Isosceles balances 350 long and 350 short investments drawn from the 1,500 most-heavily-traded U.S. stocks. With $70 million in assets, Isosceles reported audited returns of 36 percent last year and unaudited returns of 22 percent in the first six months of 2000, even after deducting CooperNeff's fee - one-fifth of the profits plus 1 percent of assets.

That's roughly 20 percentage points better than the S&P 500 did in each period.

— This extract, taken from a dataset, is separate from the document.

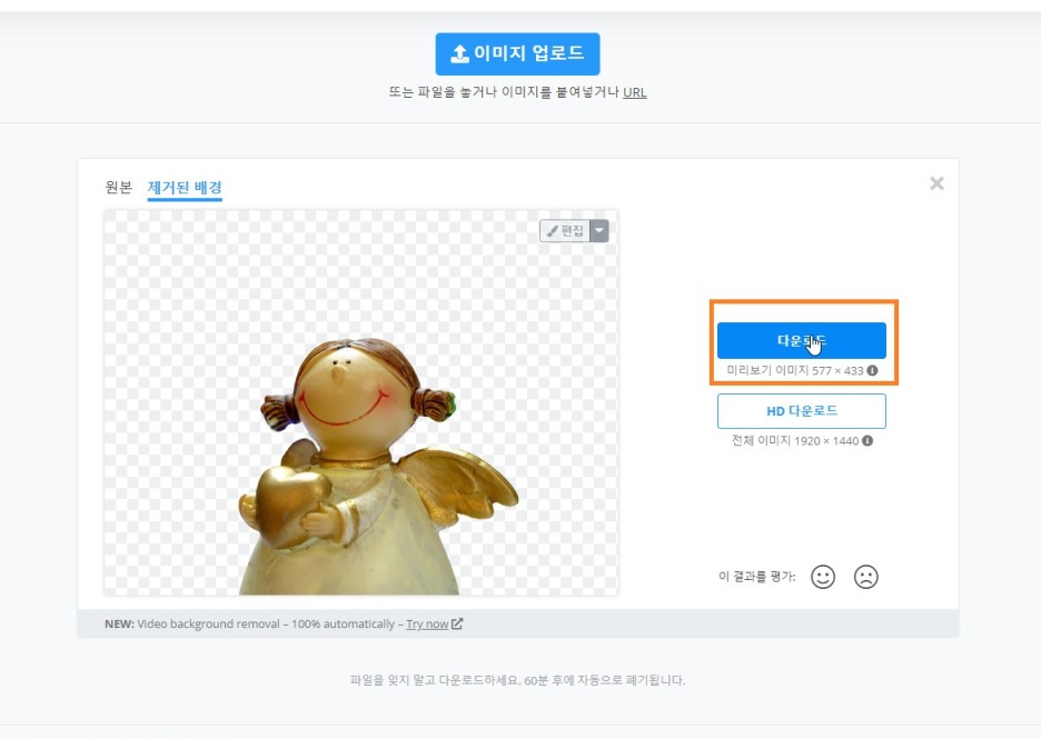 4. 바로 제거된 배경이 보이게 되며 그 상태로 다운로드를 클릭하시면 다운로드가 되게 됩니다. 아래 HD 다운로드는 유료이며 가입 시 무료로 2개 정도는 다운로드하실 수 있습니다.

More important, to Sterge, is that Isosceles showed lower volatility, with its value fluctuating less than half as much as that of the S&P during that 18-month period, adjusted for return. "I'm a big reward-to-risk kind of person," Sterge said.

The firm is planning more investment funds and also offers big investors a new portfolio-management service, headed by Mony Reuven from BNP Paribas' New York office, a former D.E. Shaw & Co. executive.

Both CooperNeff and Susquehanna, which now employs more than 700 at offices around the world, started as tiny options-trading firms at the Philadelphia Stock Exchange in the early 1980s.

Both firms - especially Susquehanna - were repeatedly cited by regional stock exchanges over the next decade for exceeding position limits that were supposed to prevent individual firms from dominating trading.

The program traders, unlike traditional money managers, have little interest in a company's production problems, the quality of its management, or the market for its products.

But they are quite conscious of the psychological effect of financial and real-world factors on other investors' decisions. "Many of the things we look at are behavioral," Sterge said.

In a corner of Susquehanna's main trading room, tiled with replicas of crumpled PhilEx options-trading forms, Susquehanna maintains a staff of traditional stock analysts who pore over ponderous Wall Street brokerage reports.

"Susquehanna doesn't believe in fundamental research but [studies] it anyway to see how markets will react," according to Eric Noll, Susquehanna's head of strategy.

Lately, Susquehanna has been on a hiring binge. Recruits - including competitive chess champions, athletes and bridge players as well as Penn, Stanford and MIT graduates - are taught high-stakes poker, and sent to try their skills at the PhilEx and other options markets before working in one of the company's main trading rooms.

At CooperNeff, Sterge, a veteran of the professional tennis circuit, also likes to hire athletes.

He's the last of eight CooperNeff partners who has remained since the BNP Paribas takeover. Several of the others have formed Gamma Investors, a group of 53 investors who have taken positions in "e-finance" companies such as the Archipelago stock-trading network and a pair of derivatives-trading technology firms, according to Banky.

Sterge received a Cornell University doctorate for his thesis on factional voting in Congress.

He was working for the former Philadelphia National Bank in 1989 when he was recruited for CooperNeff by cofounder Roy Neff, who "saw me [on the Paoli local] reading books about stochastic processes and asked me what I did for a living."

For Sterge, the biggest challenge is staying a step ahead of the competition, or the mass of investors.

"Our models only have so much predictive power," he said. "As investors get tired of losing money, they figure out what's going on and change their behavior."

He added, "It's nice to be the biggest trader. But what really counts is the money you make."